Reputation: 53
I am having trouble with a script I wrote in bash. I am reading in a .txt file line by line in a while loop. The line is in the form of x:y:z:a:b:c. Each element ('x', 'a', etc.) corresponds to something such as age, height, name, and so on. I have successfully managed to print out the desired fields, but when I try to print the whole "x:y:z:a:b:c" "x:y:z" will print out to a .csv in one cell, and "a:b:c" will go to the next cell, due to the fact that there is a comma in the last name and first name. I know this sounds confusing so I can clarify further if necessary but here is what it looks like:
Cell 1 Cell 2
age:height:number:last name first name:language
I want all this information in one cell. I think the problem is due to the fact that there is a comma between the last and first name. Please let me know if you have any tips or pointers.

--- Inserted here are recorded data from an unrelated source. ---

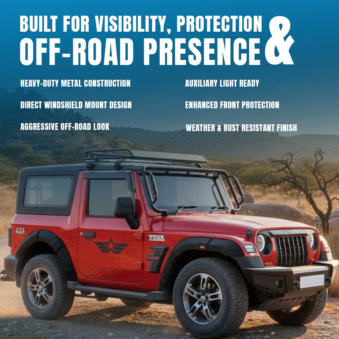 Enhance your Mahindra Tharโs look and functionality with the M-TEK Wind Screen Bar, designed for rugged durability and a bold appearance. Crafted with precision engineering, this bar withstands harsh conditions while adding a sophisticated touch to your vehicleโs front profile.
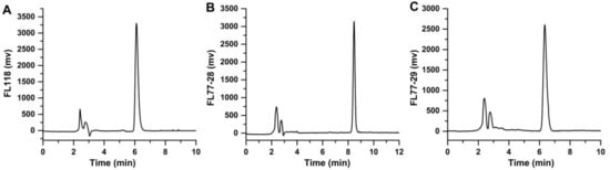 Representative chromatograph, FL118 with a retention time of 6.109 min (A), FL77-28 with a retention time of 8.456 min (B), and FL77-29 with a retention time of 6.351 min (C).
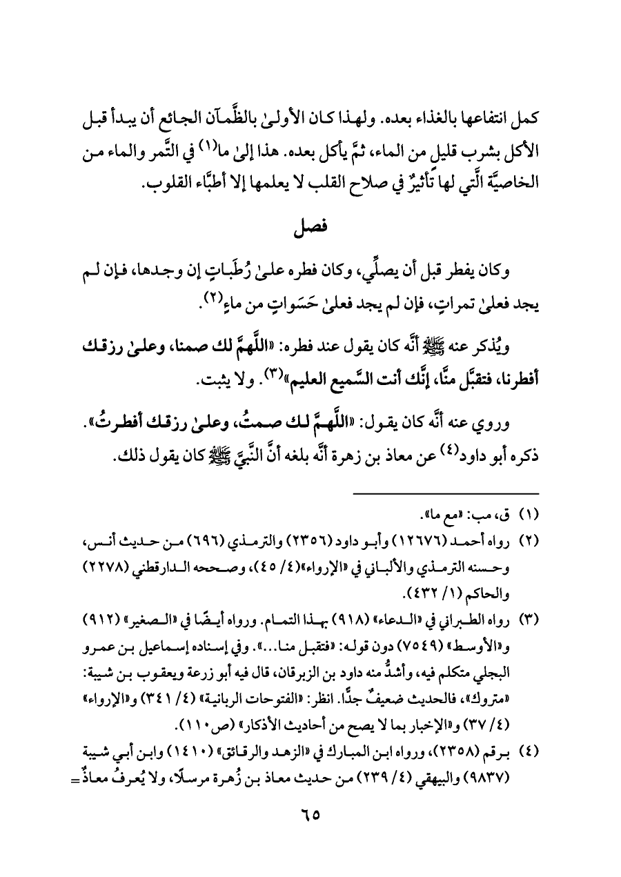 ويُذكر عنه - صلى الله عليه وسلم - أنَّه كان يقول عند فطره: «اللَّهمَّ لك صمنا، وعلى رزقك أفطرنا، فتقبَّل منَّا، إنَّك أنت السَّميع العليم» (¬٣). ولا يثبت.

Edit: Here is what the code looks like:
while read INPUT do
str=$INPUT
IFS=: read -r -a ARR <<< "$str"
NAME=${ARR[0]}
AGE=${ARR[3]}
echo $AGE, $NAME >>Filedirectory.filename.csv
done<filedirectory.filename.txt
...where filedirectory.filename.txt
contains the following:
INPUT=Smith, John:126 lbs:67in:26:College University
Taking a sample input of str = "Smith, John:126 lbs:67in:26:College University"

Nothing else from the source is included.